I don’t like the Christian music industry. I find most contemporary Christian music to be stale, derivative and banal. Switchfoot is different. Their appeal, other than that I like their style of music, is their honesty and sincerity. Front man Jon Foreman is a gifted songwriter. His voice works as well in driving rock anthems as it does in passionate ballads. Switchfoot doesn’t even appear on strictly Christian labels.
What I like most is that Switchfoot isn’t about writing songs that appeal exclusively to the Christian market. They aren’t so much a Christian band as a band that happens to be made up of Christians. They make good music which is influenced by who they are. This seems to me very different from bands who set out to make exclusively Christian music for the Christian market¹. Jon Foreman is a Christian song-writer rather than a Christian-song writer.
And they aren’t afraid to take stands on social issues. They address race relations and the dangerous lure of materialism in the American Dream. They run an annual weekend event in San Diego they call the Bro Am that involves music and a surfing competition. It’s grown into a massively popular weekend shindig. All proceeds go to help homeless kids in the area.
Basically, I’m a big fan, got it?
Now, Jim and Leslie Alkire are good friends. My wife and I first met them years ago at our church here in Virginia Beach. They moved to San Diego many years ago, where they became close friends with Drew and Jenna Shirley. Drew is a guitarist for Switchfoot.
To our delight, the Alkires moved back here to Hampton Roads several years ago. Our family friendship has grown ever since.
Last weekend Leslie celebrated her birthday by renting a house at Sandbridge and inviting her California friends, including the Shirleys, to fly out and join them. My wife and I got invited too. The getaway was fortuitously planned for a weekend when Switchfoot was in concert here in Virginia. That meant Drew would be able to join his wife and the Alkires. He just needed a ride from Richmond after the concert.
So, of course, Leslie turned to her only Uber-driving friend to meet this transportation need. I got a free ticket to the concert and drove Drew the two hours from Richmond to Sandbridge.
I’m too old to be a giddy fanboy, but it was a thrill to meet a member of a band I have enjoyed listening to for so long.
The concert was great as always, even though the crowd seemed a bit tepid. I think it had to do with the venue, which was a very beautiful but formal restored old theater. It was too fancy for a rock concert. But it was still an excellent show.
I didn’t drive my Uber vehicle. It needed some work done, so I rented a car for the weekend.
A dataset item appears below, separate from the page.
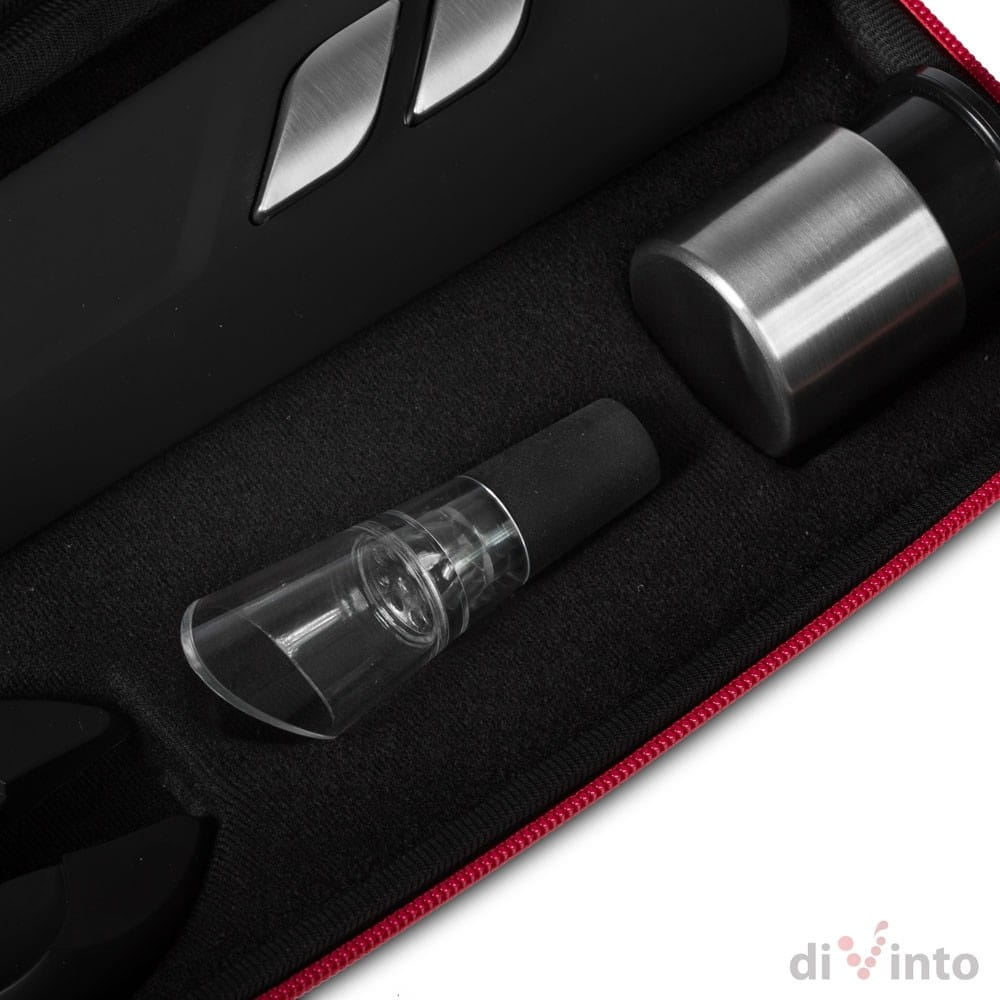 W zestawie znajdziesz wszystko, co niezbędne do właściwego podania wina: elektryczny korkociąg, który w kilka sekund i bez wysiłku otwiera wino, wygodny nożyk do folii ochronnej, nalewak z aeratorem, który pomoże wydobyć z wina pełnię jego smaku, a także stoper z pompką próżniową, który przedłuży świeżość otwartego wina.

The rental place was out of the kind of car I had reserved, so they gave me a 2016 Mustang as a free upgrade. I didn’t do it to impress Drew, I promise. But it was a sweet ride and much nicer than my crummy old Corolla.
My conversation with Drew was thoroughly enjoyable. He was gracious after what must have been an exhausting performance and tolerated my many questions. We both are fathers of four daughters, though his are much younger than mine. So we talked some about parenting girls.
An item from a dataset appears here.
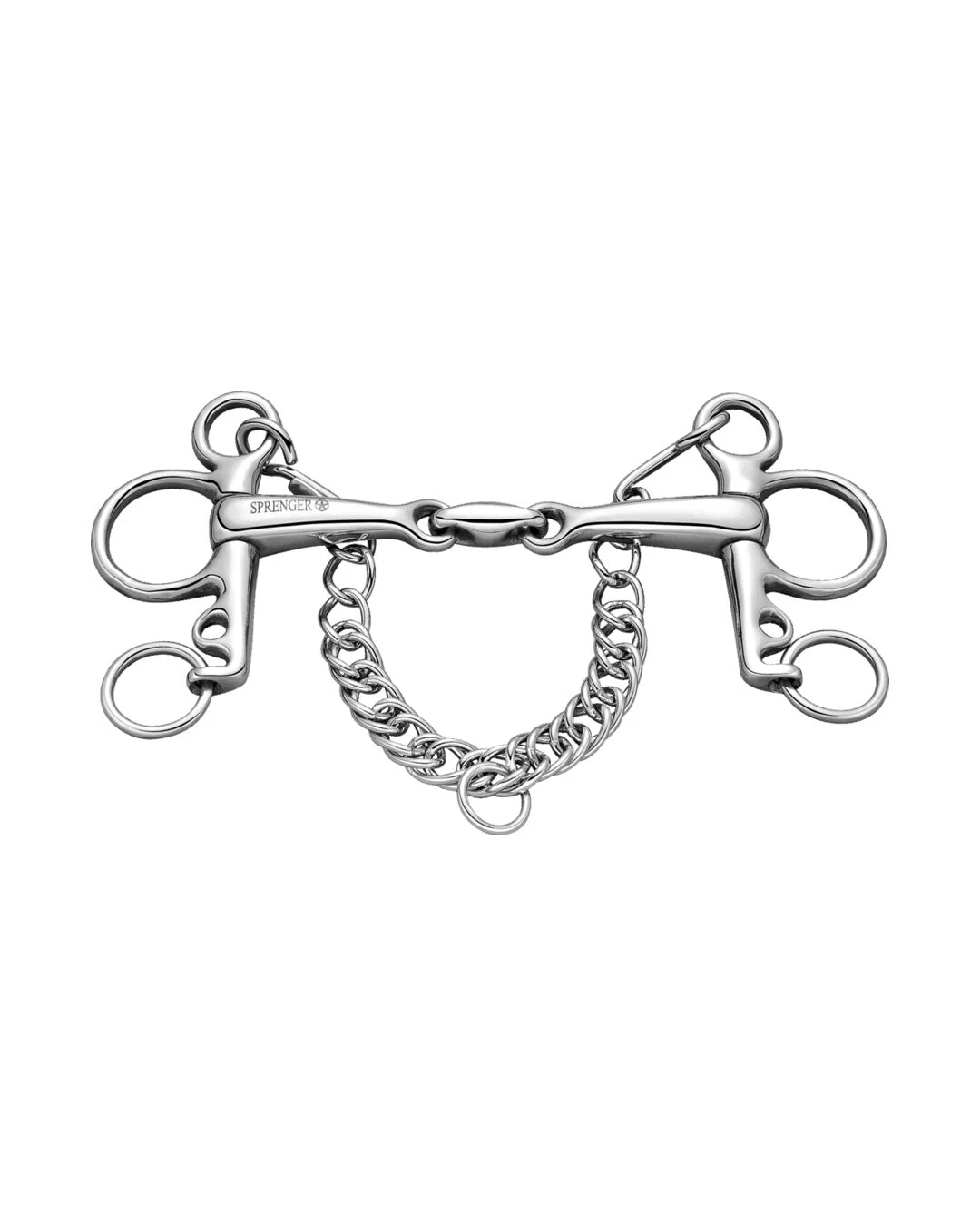 bessere Einwirkung bei starken und stĂŒrmischen Pferden|gezielte und effektive Hilfengebung durch Wirkung auf Zunge, Genick und Unterkiefer|die Kinnkette begrenzt den Druck auf das Genick, sie sollte einen Winkel von bis zu 45° zulassen|die Hebelwirkung auf das Genick kann je nach Verschnallung variiert werden|wird hĂ€ufig mit Pelhamriemchen verwendet, fĂŒr höhere Ausbildungsstufen empfiehlt sich die Nutzung von 2 ZĂŒgelpaaren|Nutzung einer Kinnkettenunterlage zum Schutz des Unterkiefers wird empfohlen

We talked about politics and what is happening in the Church in this election. We both agreed that something historic may be going on as American Christians try to sort through our role in American politics.
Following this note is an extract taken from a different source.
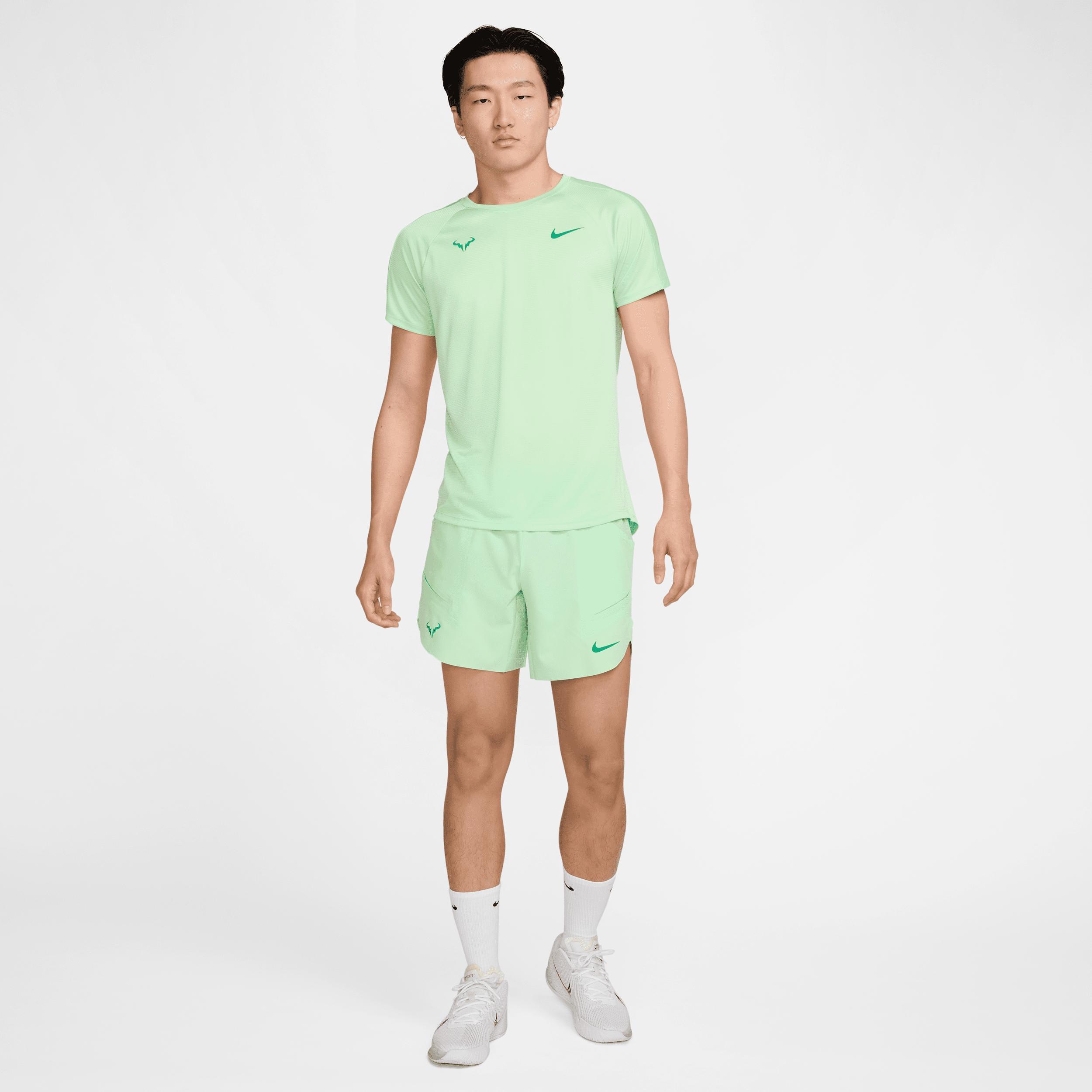 Perform like a champion with the sweat-wicking Rafa Top. We used stretchy, breathable fabric for cool that keeps you moving. It also offers a sleeve design that feels smooth and natural through your swing so you can focus on playing at your best, match after match. Benefits:Nike Dri-FIT technology moves sweat away from your skin for quicker evaporation, helping you stay dry and comfortable. Breathable knit fabric is stretchy so you can swing and move without a hitch. We used insights from Rafa to create a sleeve design that feels smooth and natural through your swing. Product Details:Rafa Bull logo. 100% polyester. Machine wash. Imported. Style: DV2887; Color: Vapor Green/Stadium Green; Size: L; Gender: Male; Age Group: Adult | Rafa Challenger Men's Nike Dri-FIT Short-Sleeve Tennis Top in Green, Size: Large | DV2887-376
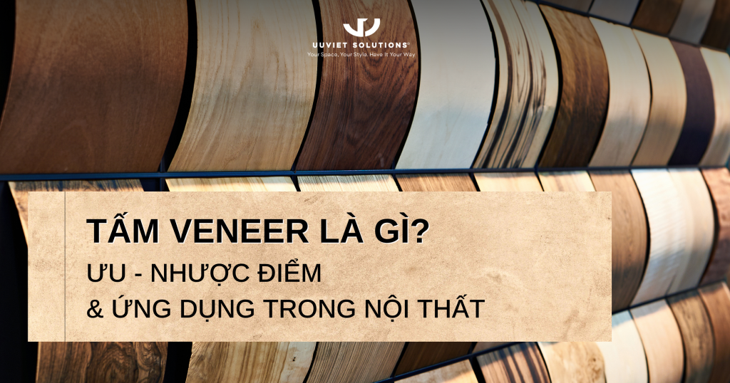 Trong thế giới vật liệu nội thất ngày nay, gỗ Veneer đang trở thành xu hướng được nhiều nhà thiết kế và gia chủ ưa chuộng. Với khả năng tái hiện vẻ đẹp tự nhiên của gỗ thật, chi phí hợp lý cùng tính linh hoạt cao trong thi công, tấm Veneer không chỉ giúp tiết kiệm tài nguyên rừng mà còn mang lại giá trị thẩm mỹ tinh tế cho mọi không gian sống. Bài viết dưới đây Uuviet Solutions sẽ giúp hiểu rõ hơn về Veneer là gì, cấu tạo, các loại phổ biến, cùng ưu nhược điểm và ứng dụng của chúng trong thiết kế nội thất hiện đại.

And happily, we talked about music. About how he ended up in the band. About Jon’s unique passion for music, songwriting, and performing. About the relationships among band members and other bands they have toured with.
I was able to communicate my appreciation for Switchfoot’s music over the years and to encourage him about the importance of music in people’s lives.
“It’s more than just entertainment, you know. Music has incredible power. It’s art and art is important. What you do matters more than you realize.”
“It’s true,” he said. “It’s amazing to me the things we hear. People tell us all the time these crazy stories. ‘This song literally saved my life. I was thinking about killing myself until I heard it and it gave me hope.’ That kind of thing happens regularly.”
“Exactly. That’s what I’m saying. Your music gives people hope.”
I liked Drew a lot. He is humble and smart and easy to talk to. He seemed as interested in me as I was in him. He had none of the hubris or cool detachment you might expect in celebrities. Actually, this didn’t surprise me. Jim and Leslie have been telling me for years what a great guy Drew is, but it was still nice to witness myself.
Technically, this wasn’t an Uber ride. I didn’t charge for it, of course. But it was as memorable as any ride I’ve ever given.
¹A friend once pointed out that the word Christian only ever appears as a noun in Scripture. I prefer to avoid using the word as an adjective to describe anything other than a person.